In 2011, Lothar took up a Senior Research Fellow position at the University of Oxford, where his group further advanced super-resolution 3D imaging to study mammalian chromatin domain organisation in the context of epigenetic gene regulation. He also contributed to the discovery of de novo chromatin domain formation required for DNA double-strand break repair, and to elucidate molecular processes underpinning X-chromosome inactivation. Besides, his group developed protocols and computational analysis tools for standardised quality control of super-resolution SIM data.
In 2020, Lothar was named Associate Professor and became Academic Director of the Micron Bioimaging Facility.
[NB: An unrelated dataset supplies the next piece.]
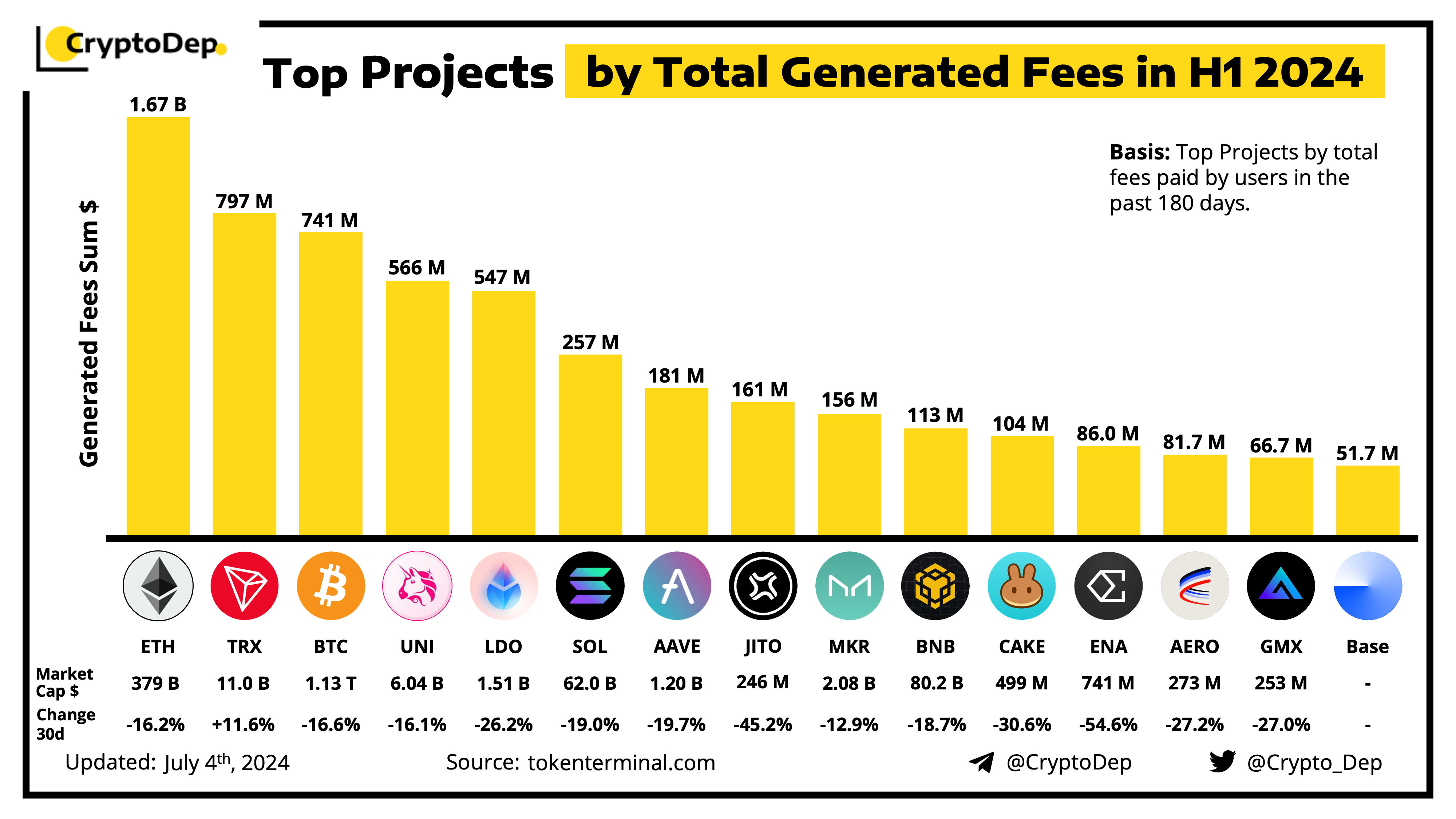 Let's take a look at the ranking of top blockchain protocols by total fees paid by users in the past 180 days, according to the data from Tokenterminal.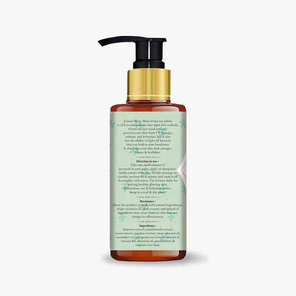 UNISAIF's Misty Mint Face Wash is packed with skin-protecting antioxidants and ingredients like Green tea extract, neem extract, tea tree extract, sweet almond oil and cucumber extract. It protect your skin from UV damage, irritation and redness. Capable off fighting certain bacterial infections that may lead to acne breakouts. It's frequent use makes your skin look younger, manageable, firmer and healthier.

His publications have been cited >12,000 times (h-index 49; Google Scholar, Feb 2023), demonstrating his significant contribution to the development and cell biological application of advanced microscopy methods.

Hari Shroff

Janelia Research Campus, USA

Dr. Hari Shroff received a B.S.E. in bioengineering from the University of Washington in 2001, and under the supervision of Dr. Jan Liphardt, completed his Ph.D. in biophysics at the University of California at Berkeley in 2006. He spent the next three years performing postdoctoral research in Eric Betzig’s lab at the Howard Hughes Medical Institute's Janelia Research Campus where his research focused on the development of photoactivated localization microscopy (PALM), an optical super-resolution technique that earned Betzig a share of the 2014 Nobel Prize in Chemistry. For the next thirteen years, Shroff headed the Laboratory of High Resolution Optical Imaging at the National Institute of Biomedical Imaging and Bioengineering at the National Institutes of Health, working to improve fluorescence microscopy methods suited for volumetric time-lapse (‘4D’) imaging. Commercialized inventions from this period include dual-view selective plane illumination microscopy (diSPIM) and instant super-resolution microscopy (iSIM). Shroff recently returned to Janelia, where he continues to push the envelope in biological imaging. Current areas of research include adaptive optics, deep learning, and the study of brain development in simple organisms.